Recipe Courtesy of Rosa Jackson, Les Petits Farcis, Nice France


    • @Barb – Quite possibly. Changing things up and nice to have Chef Charlie bring his expertise to the site!

  1. Appreciate the positive response to this initial post! This recipe is easy, delicious and presents beautifully! If you like what you see, I have plenty of others to share! – Chef Charlie

    • @Charlie – Welcome, Chef! Great fun getting this up for the readership today and we’d love to do it again. Bunch of dedicated Foodies here, we know!

  2. I’ve been making this dish for years. It’s easy to make, and it’s delicious. I skin the chicken. Try it everyone! Looking forward to more recipes…

  3. More please! Talking about food is a favorite pastime. I will even promise to try the recipe — I just won’t promise it will look the same as the picture when I’m done!

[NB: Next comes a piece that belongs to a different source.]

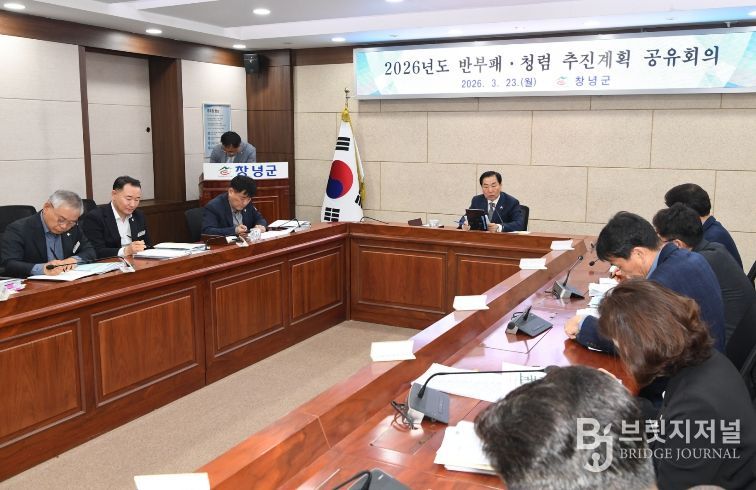 브릿지저널 김경미 기자 | 창녕군은 23일, 2025년 종합청렴도 1등급 달성 성과를 이어가기 위해 군수를 비롯한 부군수, 간부공무원 등 40여 명이 참석한 가운데 2026년 반부패‧청렴 추진계획 공유 회의를 개최했다.
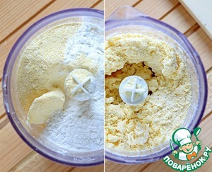 Сегодня мы печем Киш на безглютеновом тесте, используя кукурузную и рисовую муку. Постарайтесь выбрать муку мелкого помола, так тесто будет однородее, мягче и приятнее на вкус. Для приготовления теста смелите блендором в крошку кусочки сливочного масла, соль и два вида муки. Кстати про масло и соль: на самом деле проще всего использовать соленое масло. И так, в крошку добавляем ледяную воду и руками замешиваем мягкое эластичное тесто.

  4. do you have a good local source for saffron threads? they treat them like gold in the stores. i found some spanish saffron at lunardis but it was really really expensive. (nice column).

  5. spread it on toasted slices of baguette sprinkled with gruyere and float in the soup – the French really know how to live!

  6. Made this tonight and it was deelish! Had a little trouble sourcing som eof the ingredients and wanted everything the chef said we’d need. Had some help with the cooking and finished with some superior wines. Just wanted to let you know!!!